Surprisingly, the committee failed. Other than contributing the motto, "E Pluribus Unum" (Out of Many, One) none of their ideas seemed fitting. Drawing from his devotion to classicism and respectful of the bible, Jefferson envisioned a crowned Pharaoh sitting in a chariot. Passing through the divided Red Sea, Pharaoh would be overwhelmed by Moses standing on the shore extending his hand over all the sea. For a motto on the seal's reverse Jefferson suggested, "Rebellion to Tyrants is Obedience to God." Franklin proposed an engraving of Hercules leaning on his club, being courted by mythological figures of Virtue and Vice. Adams undoubtedly argued against both ideas. America was not a new Rome. Politically it was the antithesis. Why draw so heavily from neoclassic design? Besides, these emblems were too allegorical for a humble nation trying to purge itself from European pomposity.
The committee's second effort was to hire a professional artist. Eugene Simitiere's Great Seal proposal was a drawing of coat of arms, flanked by Lady Liberty and a buckskin attired Colonial soldier. Following the appointment of a new Committee and several different renderings, this concept was dismissed as well-with one great exception. A redesign by Philadelphia's William Barton pictured a small eagle perched above the American heraldic shield.

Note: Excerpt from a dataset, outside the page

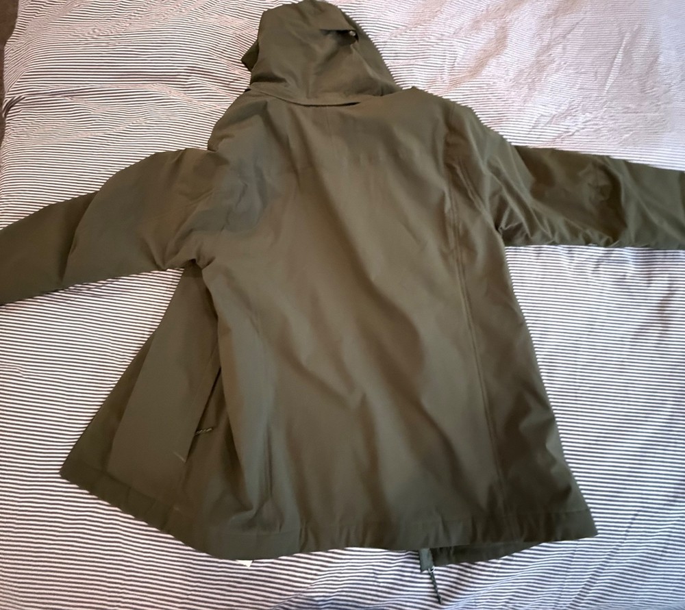 The Patagonia insulated jacket with a removable hood and H2NO technology is a high-quality men's winter coat in size small. Made with a durable nylon outer shell and insulated with polyester, this jacket is perfect for staying warm and dry during cold weather. The green color and classic parka style make it a versatile and stylish addition to any outdoor wardrobe. With its removable hood and insulated design, this jacket is a practical and functional choice for winter activities.

Clutching a flag in his left talon and a sword in his right, Congress thought this bird finial with wings and legs extended was symbolic of "Supreme Power and Authority." It was the central emblem they had been seeking for five plus years.
Congress's forth commission, headed by Congressional Secretary, Charles Thomson, resulted in approval, June 20, 1782. Although the artwork as been modified slightly over the years, you visit with America's original Great Seal by opening up your wallet or purse; pulling out a dollar bill, and looking at the two circular emblems flanking "In God We Trust," and "ONE."
In his original remarks, Thomson wrote: "The pyramid signifies Strength and Duration. The eye over it and the Motto allude to the many signal interpositions of Providence in favour of the American cause. The date underneath (MDCCLXXVI) is that of the Declaration of Independence and words under it signify the beginning of a new American era, which commences from that date."
Thomson chose the Native American bald eagle for the prominent front side of his seal. An adopted kin to Lenape Indians and given the tribe name, "Man-Who-Talks-The-Truth," Thomson knew that Native Americans regarded the bald eagle as the "Great Spirit Messenger."
Thomson also wrote of the Great Seal: "The Olive branch and (13) arrows denote the power and peace of war which is exclusively vested in Congress. The Constellation (above the eagle) denotes a new state taking its place and rank among other sovereign powers. The Escutcheon (shield) is born on the breast of an American Eagle without any other supporters, to denote that the United States of America ought to rely on their own Virtue."
Artisans have recreated the eagle on the façade of the Great Seal ever since her birth. Carved onto the sterns of ships, represented on currency and stamps, incised into stoneware, inlaid within furniture and emblazoned onto every type of well-wrought object as an emblem of Freedom and Strength. For those who think that America's peace-loving founding fathers intended that she should cower under the sword of her enemies, remember the Great American Seal and Congress's careful consideration of just what it represents. The words and intentions of our forefathers still ring loud and clear today.